504 F2d 394 United States v. Nazien
504 F.2d 394
UNITED STATES of America, Plaintiff-Appellee,
Lamartine NAZIEN, Lelio Saintil and Reynald Morelus,
United States Court of Appeals, Fifth Circuit.
Nov. 18, 1974, Certiorari Denied March 3, 1975, See 95 S.Ct.
Jack H. Cohen, Miami, Fla. (Court-appointed), for Nazien, Saintil, and Morelus.
Robert W. Rust, U.S. Atty., Robert C. Byrne, Charles O. Farrar, Jr., Asst. U.S. Attys., Miami, Fla., for plaintiff-appellee.
Before WISDOM and BELL, Circuit Judges, and BREWSTER, District Judge.
BELL, Circuit Judge:
The sole assignment of error in this marijuana possession with intent to distribute case, 21 U.S.C.A. 841(a)(1), is that the evidence was insufficient to warrant the convictions.
Appellants rely on the case of Vick v. United States, 5 Cir., 1954,216 F.2d 228. There we held that the presence near an illegal distillery of one who could have been a hunter (in possession of a shotgun), coupled with flight, without more, was insufficient to warrant conviction. We stated that to sustain conviction in a circumstantial evidence case, the inferences reasonably to be drawn from the evidence must not only be consistent with the guilt of the accused but inconsistent with every reasonable hypothesis of innocence.
In Surrett v. United States, 5 Cir., 1970, 421 F.2d 403, we reconciled Vick and its progeny with Holland v. United States, 1954, 348 U.S. 121, 139, 75 S.Ct. 127, 99 L.Ed. 150, and held that 'the test is not whether the evidence is inconsistent with the hypothesis of innocence but rather whether reasonable minds could so conclude', citing Wright, 2 Federal Practice and Procedure, P467, pp. 258-59 (1969). Then in United States v. Black, 5 Cir., 1974, 497 F.2d 1039, 1041, we added that whether the evidence be direct or circumstantial, the matter of the defendant's guilt is for the jury unless the court concludes that the jury must necessarily have had a reasonable doubt as to the inconsistency. See also United States v. Hill, 5 Cir., 1973, 481 F.2d 929, 931; United States v. Stephenson, 5 Cir., 1973, 474 F.2d 1353, 1355. We do not so conclude in this case.
Customs officers on patrol in an automobile approached a ship at a dock on the Miami River at approximately 1:00 A.M. By driving without lights until the moment they reached the dock, they were able to surprise four men standing together three or four feet in front of a Chevrolet automobile parked 10 to 15 feet from the ship. The Chevrolet was headed toward the ship.

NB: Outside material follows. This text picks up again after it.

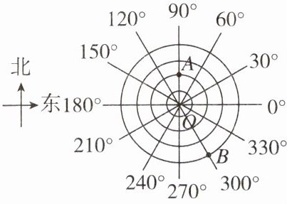 (2)如果点A,B在平面内的位置分别记为A(5,30),B(12,120),试求A,B两点之间的距离并画出图形。

One of the men was holding a burlap bag which he dropped and simultaneously dove into the water between the ship and the dock. This man was never apprehended. The other three men, the appellants here, started to run and were apprehended in the vicinity. One of the three, Morelus, broke away shortly after they were apprehended and was later found in an automobile owned by appellant Saintil, some 150 yards away from the ship. Another automobile owned by appellant Nazien was parked approximately 50 yards from the ship. These two vehicles plus the Chevrolet were the only vehicles in the vicinity of the ship. (The owner of the Chevrolet was not placed at the scene nor was he ever located.) The officers smelled the odor of marijuana amanating from the dropped bag and from the Chevrolet. One officer testified that there was another bag near the rear of the Chevrolet. Another officer saw two bags instead of one leaning against the rear of the vehicle. Eight burlap bags of marijuana were taken from the trunk of the Chevrolet and one from the rear seat.
Appellants are Haitians who stated that they were in the vicinity of the ship for the purpose of receiving messages from relatives from the crew of the ship and for the purpose of sending food and clothing to relatives in Haiti. There was no corroborating evidence of these contentions other than the fact that the ship made a regular run to Haiti. Nazien and Saintil are related and Morelus lived with Saintil. Nazien went by Saintil's home on the night in question to advise that the ship had arrived.
Nazien and Saintil told essentially the same story. They testified that they reached the dock in separate vehicles at eleven o'clock. They were arrested as they made their separate ways to the ship. They saw two men jump into the river and the third man arrested was one of these and not Morelus. Saintil stated that Morelus remained in Saintil's automobile rather than going to the ship. Morelus also testified that he remained in the automobile and denied that he was ever near the ship and dock or that he escaped.
Having viewed the evidence in the light most favorable to the government as is the rule on appeal, Glasser v. United States, 1942, 315 U.S. 60, 80, 62 S.Ct. 457, 86 L.Ed. 680, 704; United States v. Black, 497 F.2d at 1041, we hold that reasonable minds could conclude that the sum of this evidence was inconsistent with the hypothesis of the innocence of appellants.